Explanation of output files

  • GOnKEGGnGLs.Rdata............ functional categories of GO, oil related gene families, and flowering time related gene families.
  • -------------------- Node Connectivity --------------------
  • s6.NC.rdata............ results of node connectivity correlation (exp vs obs) and A-/D-subnetwork density.
  • s6.NC_corr.pdf............ boxplot of node connectivity correlation (exp vs obs) across pipeline, normalization and network Types.
  • s6.NC_denisty.pdf............ line plot with error bars of subnetwork density for each combination of pipeline, normalization and network Types.
  • s6.NC_denisty.txt............ result table of subnetwork density for each combination of pipeline, normalization and network Types.
  • -------------------- Functional Connectivity --------------------
  • s6.FC.rdata............ results of AUROC correlations (exp vs obs) and A-/D-subnetwork AUROCs.
  • s6.FC_corr.pdf............ boxplot of functional connectivity correlation (exp vs obs) across pipeline, normalization and network Types.
  • s6.FC_auroc.pdf............ boxplot of functional connectivity across pipeline, normalization and network Types.
  • s6.FC_subAD.pdf............ ............ line plot with error bars of subnetwork auroc for each combination of pipeline, normalization and network Types.
  • s6.FC_subAD.txt............ result table of subnetwork auroc for each combination of pipeline, normalization and network Types.

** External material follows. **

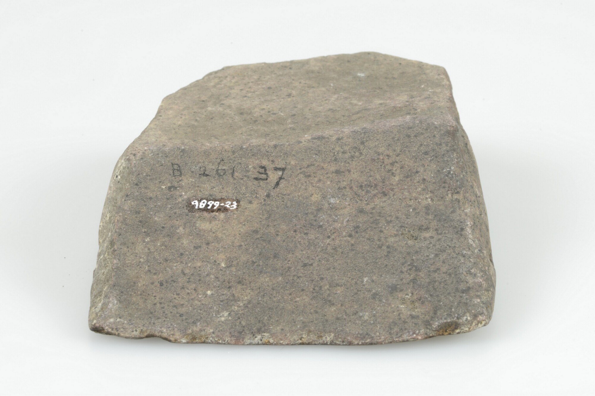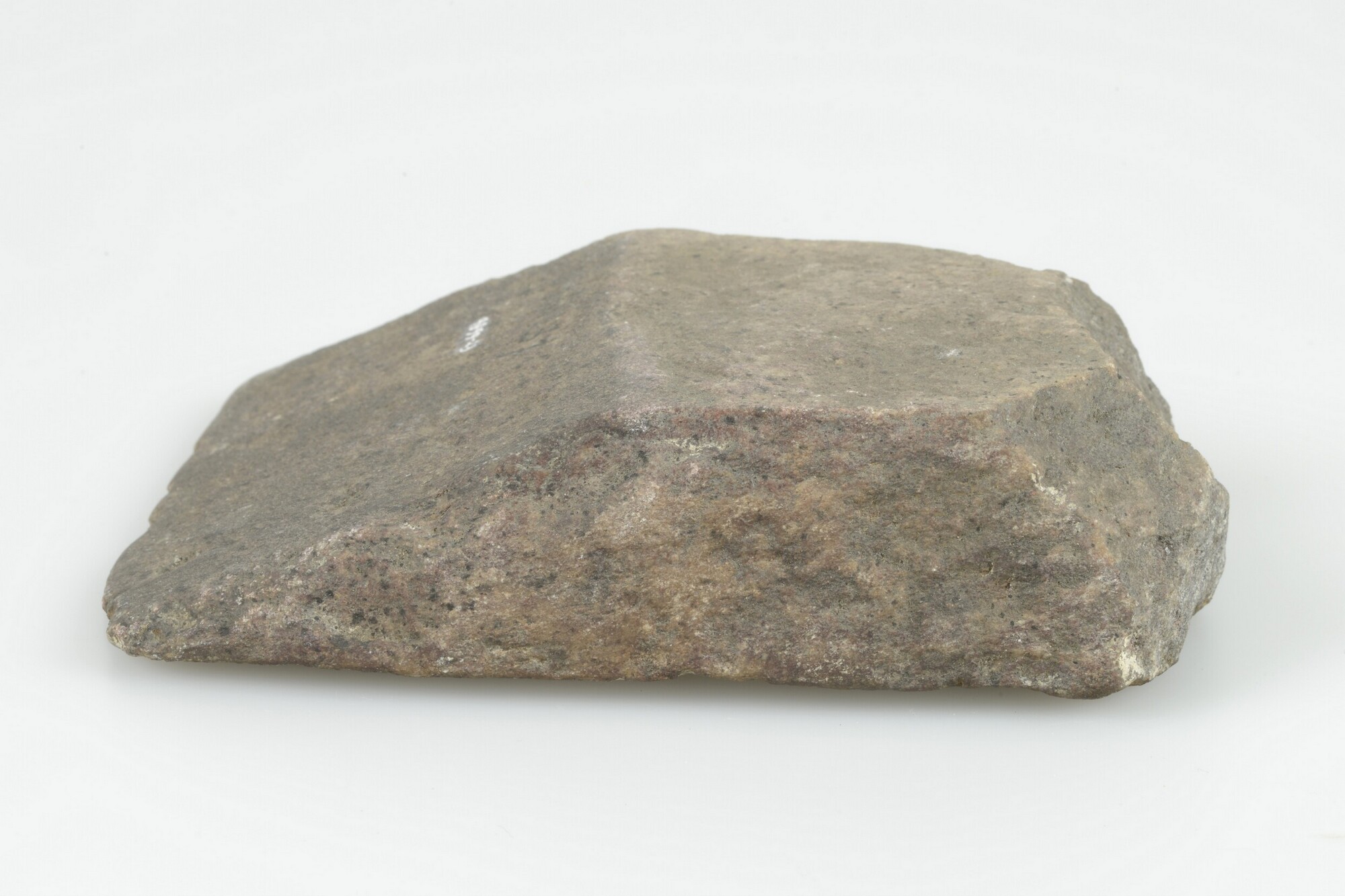 Falsificatie van een wig, bijlvormig, van roodachtige zandsteen

Step 7. Examination of the impact of read ambiguity on performance

The metrics derived from read assignment, DE, DC and network analyses were correlayed with gene groups binned by ambiguity.

Scripts

Explanation of output files

  • s7.eflen.rdata............ summary results of quantification, DE, DC, and network performance with respected to ambiguity levels.